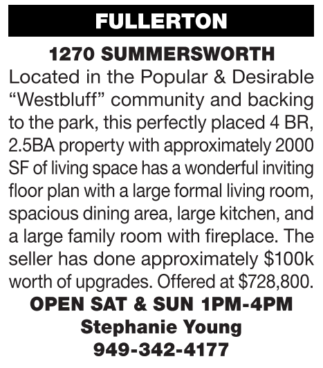 FULLERTON 1270 SUMMERSWORTH Located in the Popular & Desirable “Westbluff” community and backing to the park, this perfectly placed 4 BR, 2.5BAproperty with approximately2000 SF of living spacehas awonderfulinviting floor plan with alarge formal living room, spacious dining area, large kitchen, and a large family room with fireplace. The seller has done approximately $100k worth of upgrades. Offered at $728,800. OPEN SAT & SUN 1PM-4PM Stephanie Young 949-342-4177
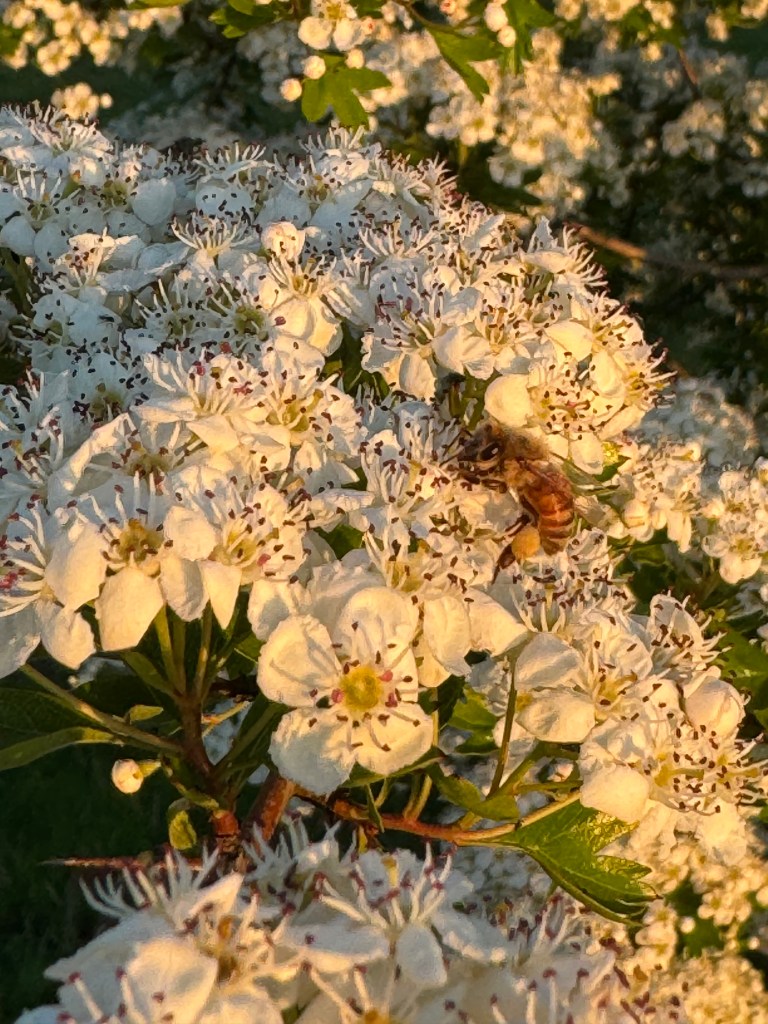 Followed a bee where apples blew like snow;
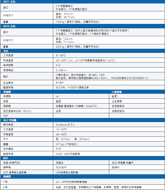 * 技術規格為本儀器在典型應用條件下的性能表現并不包括未來可能的變更。請登錄 EXOwater.com以獲取較新的技術參數信息
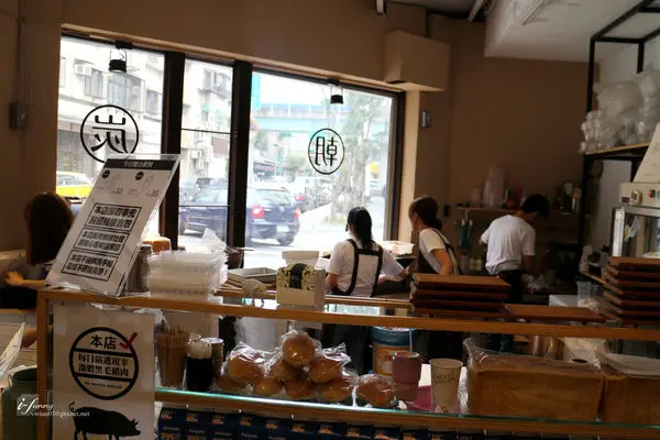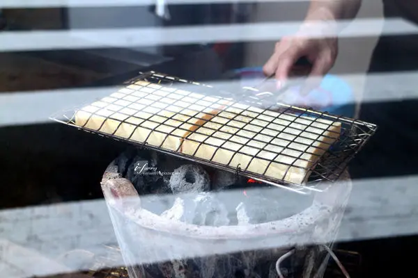 製作區以透明落地窗展示餐點製作過程,燒紅的碳,正在烤著吐司。
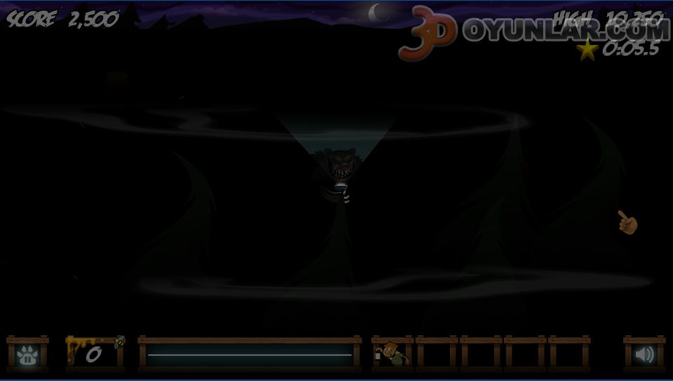 Karanlık av oyunu, gecenin kör karanlığında kaybolan hayvanınızı bulmak için korkunç ormana gir ve ayılara yakalanmamak için hızlı ol.
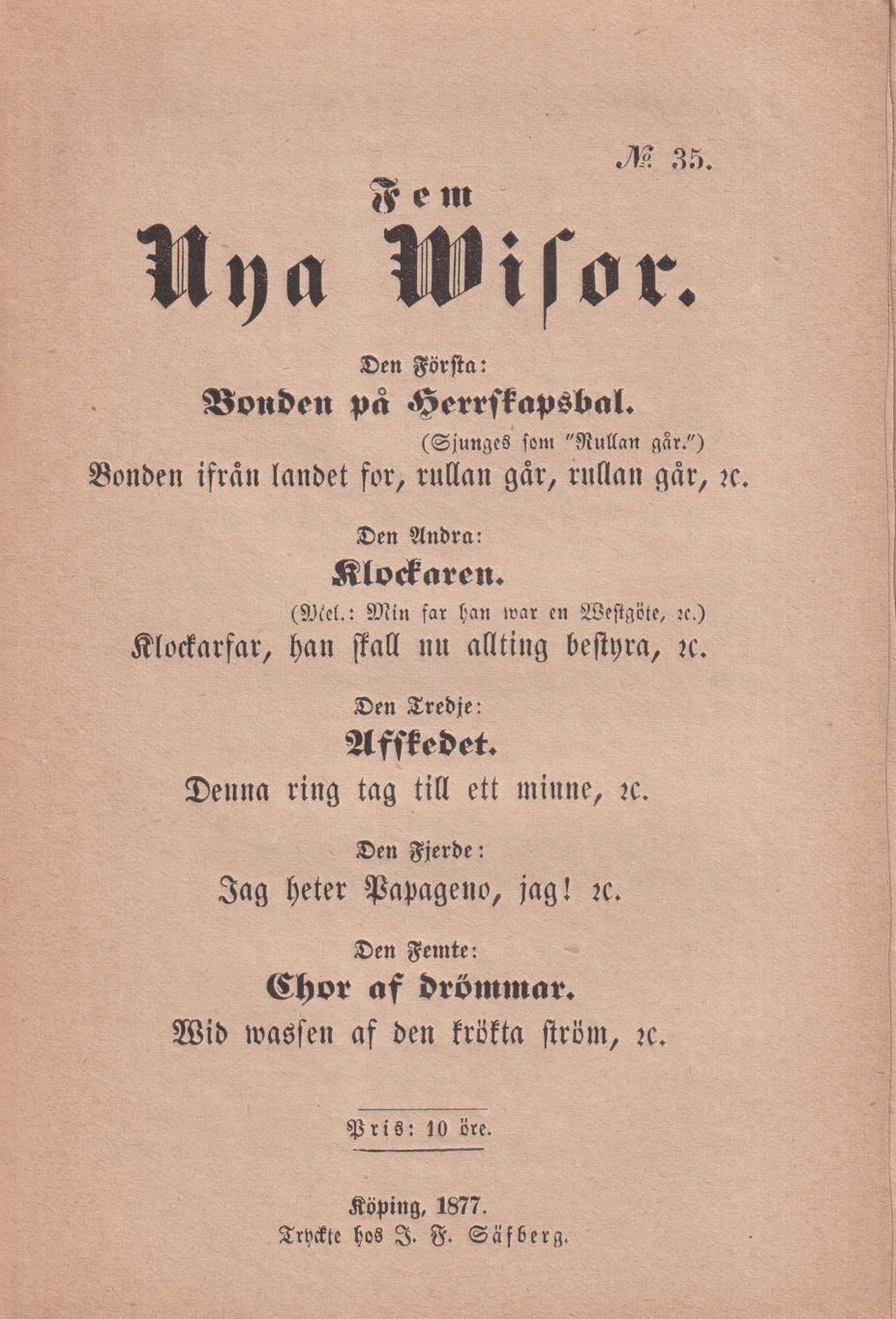Fem nya wisor. Den första: Bonden på herrskapsbal. Bonden ifrån landets for, rullan går, rullan går, &c. Den andra: Klockaren. Klockarfar, han skall nu allting bestyra, &c. Den tredje: Afskedet. Denna ring tag till ett minne, &c. Den fjerde: Jag heter Papageno, jag ! &c. Den femte: Chor af drömmar. Wid wassen af den trötta ström, &c.
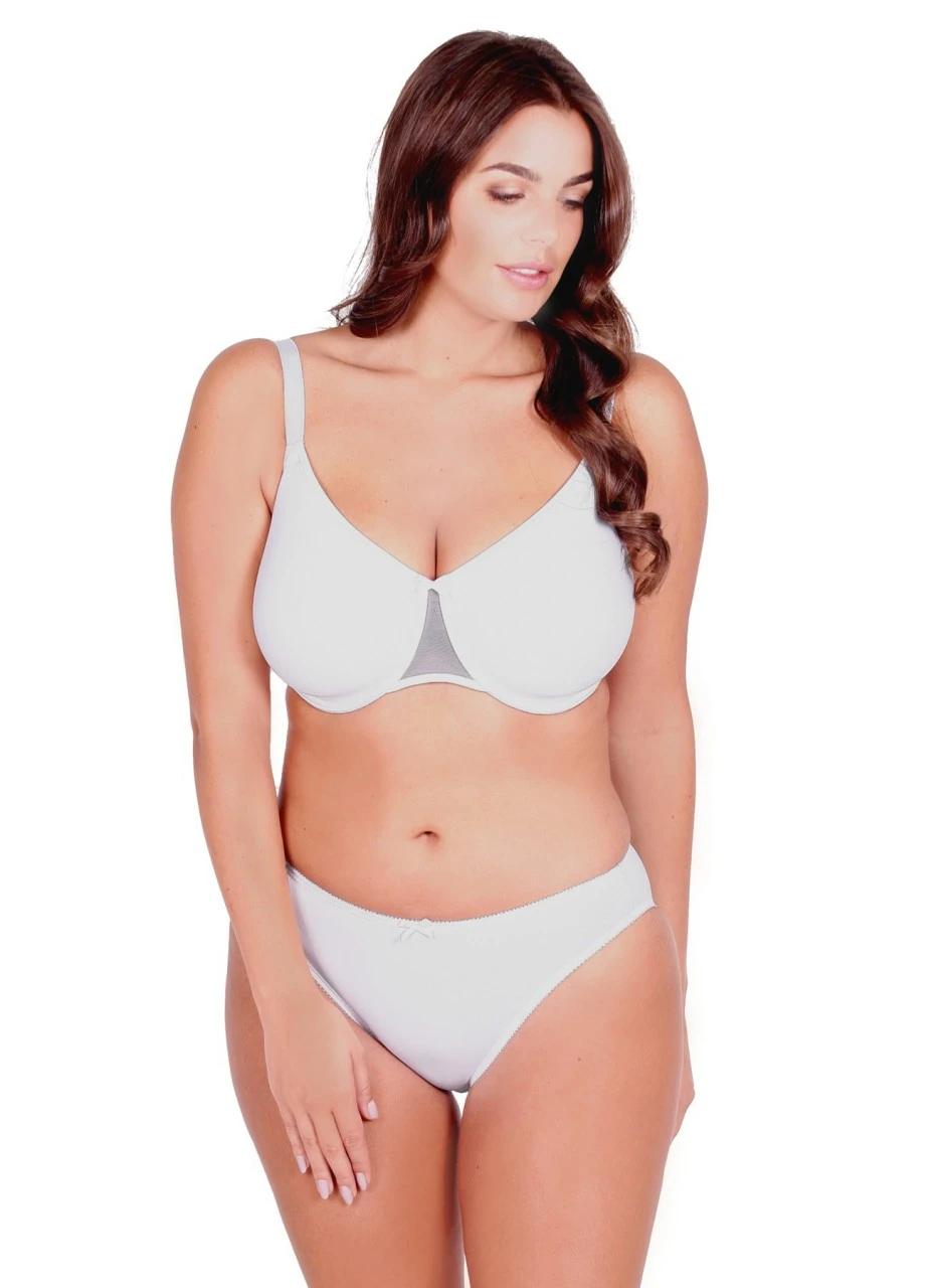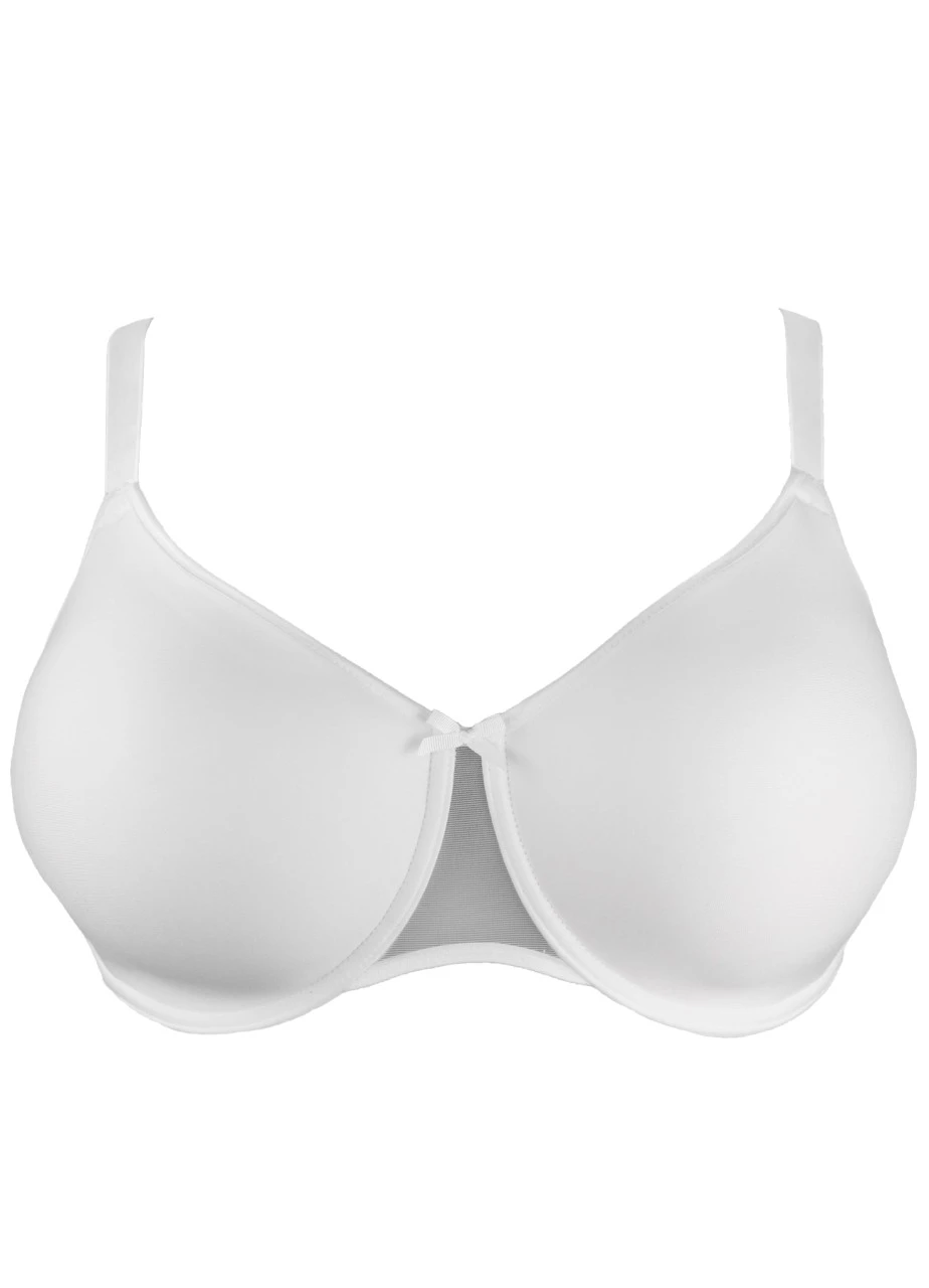 Der Bügel-BH „Miracle Spacer“ in Weiß ist durch die glatte Oberfläche unter jedem Kleidungsstück fast unsichtbar. Bis Cup G erhältlich. Die nahtlos verarbeiteten, vorgeformten Spacer-Cups sind in einem Hitech-Verfahren hergestellt und sorgen so für Atmungsaktivität. Die Double-Face-Ware, bei der die angenehm weiche Seite auf der Haut liegt, transportiert die entstehende Feuchtigkeit über die außen liegende Mikrofaser ab. Dies verspricht ein besonders angenehmes Tragegefühl. Weiche und ergonomisch geformte Komfort-Träger sorgen für sicheren Halt und optimale Entlastung.

■ WHAT IS EXPECTED ■
Print exactly, and only, the lines from the line containing "製作區以透明落地窗展示餐點製作過程,燒紅的碳,正在烤著吐司。" to the last line of the material above, with every picture left out.

■ WRITTEN SOLUTION ■
 製作區以透明落地窗展示餐點製作過程,燒紅的碳,正在烤著吐司。
 Karanlık av oyunu, gecenin kör karanlığında kaybolan hayvanınızı bulmak için korkunç ormana gir ve ayılara yakalanmamak için hızlı ol.
Fem nya wisor. Den första: Bonden på herrskapsbal. Bonden ifrån landets for, rullan går, rullan går, &c. Den andra: Klockaren. Klockarfar, han skall nu allting bestyra, &c. Den tredje: Afskedet. Denna ring tag till ett minne, &c. Den fjerde: Jag heter Papageno, jag ! &c. Den femte: Chor af drömmar. Wid wassen af den trötta ström, &c.
 Der Bügel-BH „Miracle Spacer“ in Weiß ist durch die glatte Oberfläche unter jedem Kleidungsstück fast unsichtbar. Bis Cup G erhältlich. Die nahtlos verarbeiteten, vorgeformten Spacer-Cups sind in einem Hitech-Verfahren hergestellt und sorgen so für Atmungsaktivität. Die Double-Face-Ware, bei der die angenehm weiche Seite auf der Haut liegt, transportiert die entstehende Feuchtigkeit über die außen liegende Mikrofaser ab. Dies verspricht ein besonders angenehmes Tragegefühl. Weiche und ergonomisch geformte Komfort-Träger sorgen für sicheren Halt und optimale Entlastung.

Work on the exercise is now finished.